Sine coating can be formed according to the invention by repeated application of a solution until the desired thickness and surface loading is achieved with the catalyst - while ensuring a satisfactory adhesion of the coating.

Each dried layer of the applied solution gives a mixture of uniform, co-precipitated very finely divided catalyst precursor and the organic precursor for the polymer matrix. "

The heat treatment of this Kopräaipitats then advantageously takes place in at least two stages at different temperatures in air - preferably with a first stage at low temperatures in the range up to about 300 ⁰ C before the next application of the solution and, after applying the last layer, with a second stage at higher temperatures up to about 400 and at most 600 ⁰ G,

The temperature, duration and atmosphere in which the heat treatment takes place should be controlled in such a way that the highest possible degree of thermal activation is achieved

_ 8th - . 60 673 11

27/10/82

Crosslinking and cyclization of the organic precursor for the polymer is ensured to transition into a substantially continuous, semiconductive, insoluble polymeric ETetz structure, while preventing thermal degradation of the structure of the organic polymer or charring of the polymer.

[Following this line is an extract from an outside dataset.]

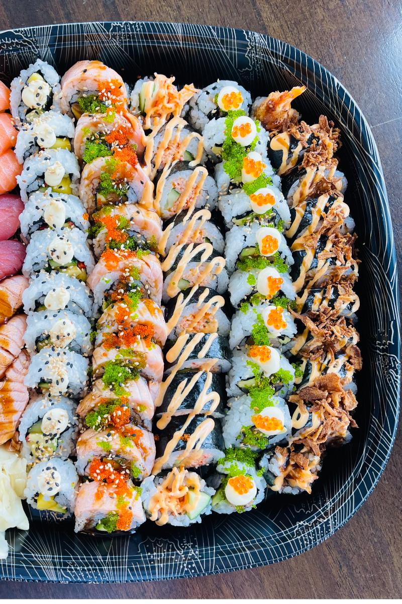 10 Hot & Dirty biter salmon, Toppet med syltet ingefær, wakame, sprø løk, vårløk, sesamfrø, rød og sort tobikko, wasabi majones, Teriaki saus og chili majones. Chilimajones er veldig sterk så om du vil ha den mindre sterk så skriv at du vil ha mindre eller ingen majones.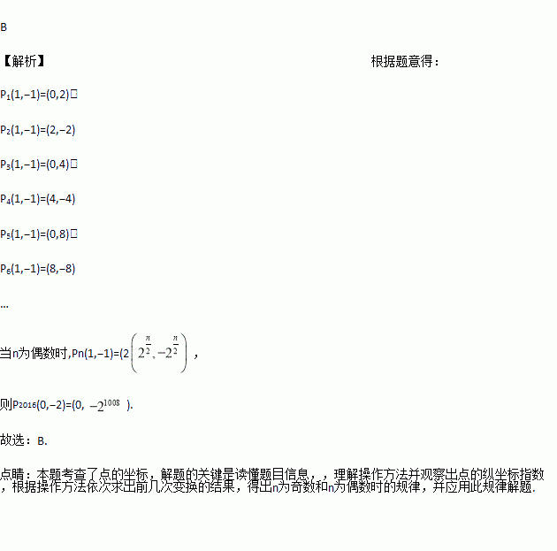对点P(x,y)的一次操作变换记为P1(x,y),定义其变换法则如下:P1(x,y)=(x+y,x﹣y),且规定Pn(Pn+1(x,y))(n为大于1的整数).如P1(1,2)=(3,﹣1),P2(1,2)=P1(P1(1,2))=P1(3,﹣1)=(2,4),P3(1,2)=P1(P2(1,2))=P1(2,4)=(6,﹣2),则P2016(0,﹣2)=( )

These heat treatment conditions must be selected to simultaneously allow the precipitated catalyst precursor compound to be converted to a finely divided catalyst which is evenly distributed and fully integrated within the hettructure of the semiconducting polymer forming a substantially continuous matrix.

This, heat treatment in air can z. B. in a limited temperature range between 250 and 300 ⁰ C, while a subsequent stage in air at higher temperatures in the range between 300 and 400 ⁰ C or more, z. B, at 500 ⁰ C and in certain cases at 600 ⁰ G, takes place.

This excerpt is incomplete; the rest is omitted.